Hello!
+
+ SpinLockAcquire(&WalPipelineShm->mutex);
+
+ if (WalPipelineShm->initialized)
+ {
+ SpinLockRelease(&WalPipelineShm->mutex);
+ return; /* Already started */
+ }
+
This doesn't seem to be a good use for a spinlock, as it guards a
longer operation. Spinlocks are supposed to guard "a few
instructions", not long initialization processes, according to their
documentation.

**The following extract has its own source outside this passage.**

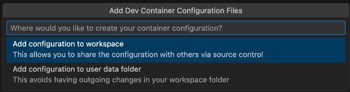 コマンドパレット(⌘+⇧+P)でDev Containers: Add Dev Container Configuration Filesを実行する(WindowsだとCtrl+Shift+P?)。

Since the code already uses dsm segment, wouldn't it be
easier to use something like GetNamedDSMSegment which explicitly
supports this use case with an initialization callback?
Also see the next two more specific comments about errors and spinlocks.
+ case WAL_MSG_ERROR:
+ SpinLockAcquire(&WalPipelineShm->mutex);
+ ereport(ERROR,
+ (errcode(WalPipelineShm->error_code),
+ errmsg("[walpipeline] consumer: received error from the producer: %s",
+ WalPipelineShm->error_message)));
+ SpinLockRelease(&WalPipelineShm->mutex);
+ return NULL;
According to the documentation spinlocks are not automatically
released on errors, and ereport ERROR stops the code flow so
everything after that is dead code.
+ SpinLockAcquire(&WalPipelineShm->mutex);
+ elog(LOG, "[walpipeline] producer: exiting: sent=" UINT64_FORMAT "
received=" UINT64_FORMAT,
+ WalPipelineShm->records_sent, WalPipelineShm->records_received);
+ SpinLockRelease(&WalPipelineShm->mutex);
A LOG is not an error, but elog can call palloc, which can cause an
out of memory error, and then again we never release the spinlock.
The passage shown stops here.